DBS-PREDICT differentiated between strong and weak motor responders with an AUC of 0.76 (Fig. 4, left panel). The default threshold, accepting every probability above 0.50 [32], led to an accuracy of 0.77 (248 correct predictions out of 322, Fig. 4 middle panel). The numbers in the confusion matrix led to a sensitivity of 0.29 (predicted 24 out of 83 true weak responders correctly), a specificity of 0.94 (predicted 224 out of 239 true strong responders correctly), a PPV of 0.62 (out of 39 weak predictions, 24 were correct), and an NPV of 0.79 (out of 283 strong predictions, 224 were correct) (Table 1). The threshold based on the development cohort’s optimum 0.24 [23, 31] led to an accuracy of 0.73 (236 correct predictions out of 322, Fig. 4, right panel). This threshold led to a sensitivity of 0.58 (predicted 48 out of 83 true weak responders correctly), a specificity of 0.79 (predicted 188 out of 239 true strong responders correctly), a PPV of 0.49 (out of 99 weak predictions, 48 were correct), and an NPV of 0.84 (out of 223 strong predictions, 188 were correct) (Table 1).
Discussion
We demonstrated the feasibility and generalizability of the preregistered DBS-PREDICT model in a retrospective multicenter validation cohort which is representative for the global STN DBS population. Our results are an important next step toward impactful clinical decision support systems (CDSSs) for DBS care. They underline the potential of preoperative individual motor response prediction as a method to improve STN DBS motor outcome [21, 22]. In general, the translation from a potent machine learning prediction model into a CDSS with clinical impact is notoriously complex and faces several inherent challenges [35, 36]. Therefore, our findings and considerations are valuable for DBS CDSS development regardless of input variables or DBS indication.
Clinical impact of a CDSS is defined as the change in patient care resulting from its implementation [24] and depends on the following 3 factors: (1) the generalizability of the model to external patient populations and centers [24, 25], (2) the quality and understandability of numeric predictive results of a model [24], and (3) the presence of a well-considered, clinically realistic utilization, including the socioeconomic impact of the utilization [37]. We will discuss how our results contribute to points 1 and 2, which limitations should be considered, and how this work paves the way for investigating point 3 [25].
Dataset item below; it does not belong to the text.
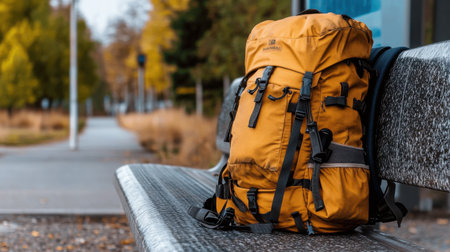 A yellow backpack is sitting on a bench in a park. The backpack is open and the straps are visible. The bench is located near a sidewalk and a street. Concept of relaxation and leisure

Model Generalizability and Usability
Generalizability of the preregistered DBS-PREDICT model was demonstrated by the high accuracy and AUC score in the global external validation cohort. The descriptive variables of this cohort including the proportion of weak responders (26%) were comparable with and representative for global STN DBS populations (online suppl. Table 1) [4-7]. The development and validation cohorts showed high similarity regarding descriptive variables, and the described differences in preoperative characteristics were interpreted as not troublesome (online suppl. Table 1). The most relevant difference between the 2 cohorts was the higher preoperative UPDRS III scores in the development cohort together with the lower amount of LEDD (online suppl. Table 1). This could be explained by a more conservative pharmacological strategy in the development cohort compared to the validation cohort.
To ensure generalizability and usability among different DBS centers, DBS-PREDICT is deliberately founded on preoperative, clinical variables which do not require specific radiologic or neurophysiological features. It is beyond doubt that perioperative and postoperative, surgical, radiological, and neurophysiological variables influence a patient’s motor response. DBS-PREDICT aims nonetheless to provide a numeric support about expected motor response during preoperative counseling, within the possibilities of this conceptual limitation. Also, more detailed clinical variables such as UPDRS subscores instead of sum scores have the theoretical potential to improve individualization of the prediction model. In a retrospective setting, it is difficult to include large enough populations including similar detailed scores. Therefore, we suggest preregistered, prospective data collection to investigate the additional value of detailed clinical variables.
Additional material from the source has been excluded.